**WORK TO BE COMPLETED:** Give back the exact lines of the material below from the one containing "This luxury incense" through the one containing "Custom Wholesale Nordic", and no pictures.

**INPUT:**

__________________________________________________

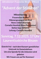 Der Frauenchor Binzen 1946 e.V. lädt ein zum "Advent der Stimmen" am 7. Dezember 2025 um 17:00 Uhr in der Laurentiuskirche Binzen.
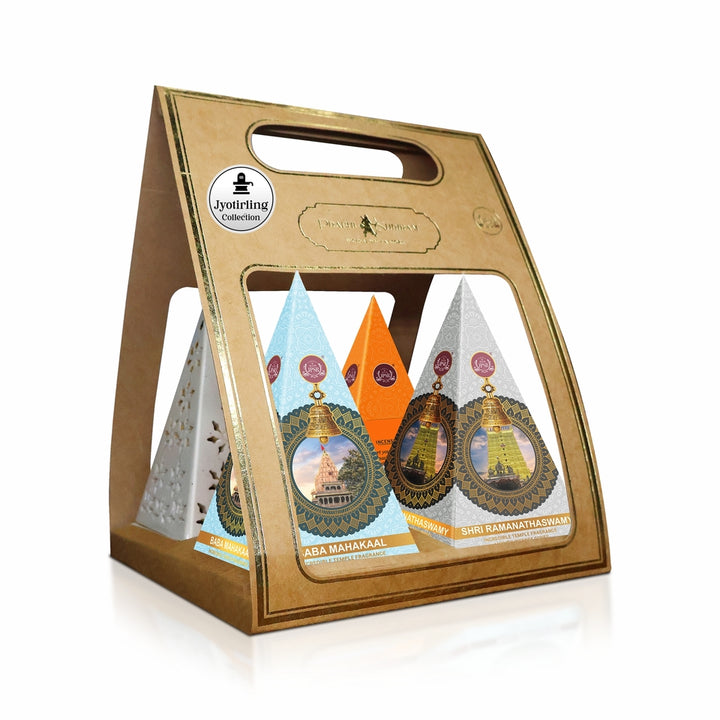 This luxury incense set includes three temple-inspired fragrances and an elegant ceramic pyramid diffuser. Each cone is like a prayer carried in fragrance, while the diffuser holds and spreads this divine energy through your space. Perfect for worship rituals, housewarmings, and meaningful cultural occasions, the Jyotirling Collection honours India’s ancient spiritual heritage while adding grace and cultural depth to any home.
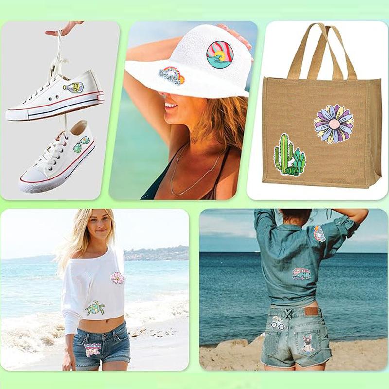 Summer Series Wave Embroidery Cloth Sticker Rainbow Cactus Computer Embroidery Label Cartoon Bus Patch Sticker
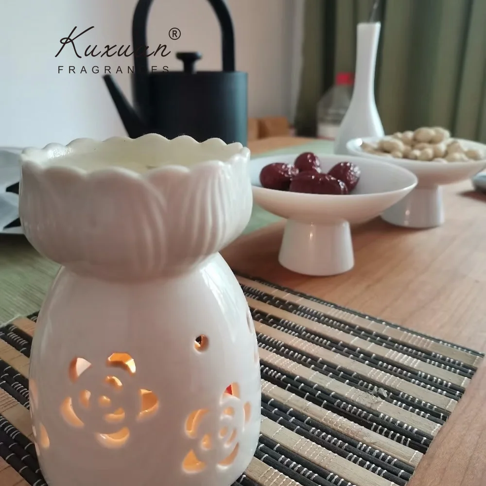 Custom Wholesale Nordic White Hollow Design Ceramic Furnace All Kinds of Lovely Flowers Used for Home Furnishing Ceramic Cup
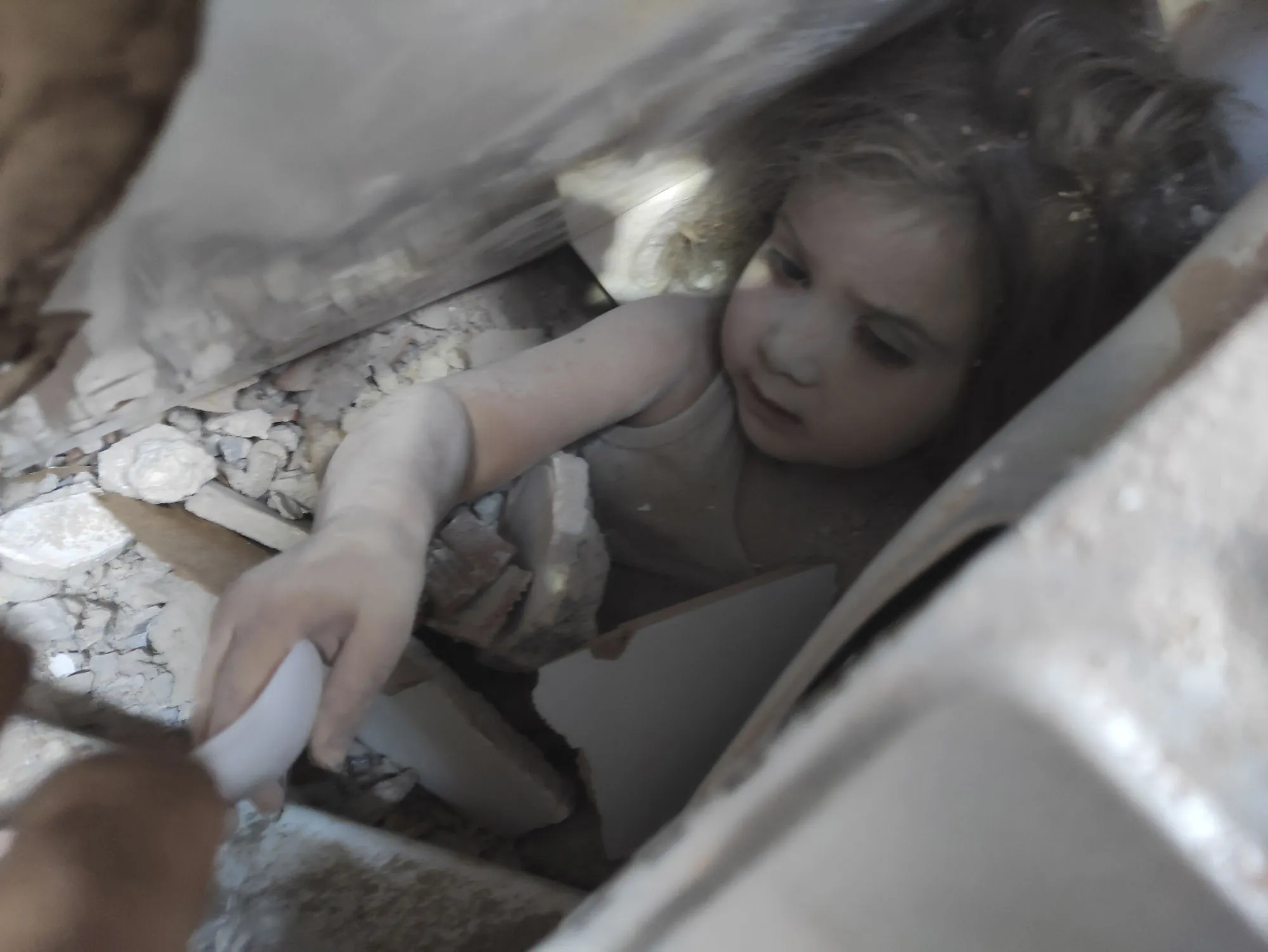 In this photo provided by the Turkish Gendarmerie, Ayda Gezgin is tended to by a member of rescue services in the rubble of her collapsed building, in Izmir, Turkey, Tuesday, November 3, 2020. Rescuers in the Turkish coastal city pulled Gezgin out alive from the rubble, some four days (91 hours) after a strong earthquake hit Turkey and Greece. The girl was taken into an ambulance, wrapped in a thermal blanket, amid the sounds of cheers and applause from rescue workers. (Photo by Turkish Gendarmerie via AP Photo)

__________________________________________________

**REPLY:**
 This luxury incense set includes three temple-inspired fragrances and an elegant ceramic pyramid diffuser. Each cone is like a prayer carried in fragrance, while the diffuser holds and spreads this divine energy through your space. Perfect for worship rituals, housewarmings, and meaningful cultural occasions, the Jyotirling Collection honours India’s ancient spiritual heritage while adding grace and cultural depth to any home.
 Summer Series Wave Embroidery Cloth Sticker Rainbow Cactus Computer Embroidery Label Cartoon Bus Patch Sticker
 Custom Wholesale Nordic White Hollow Design Ceramic Furnace All Kinds of Lovely Flowers Used for Home Furnishing Ceramic Cup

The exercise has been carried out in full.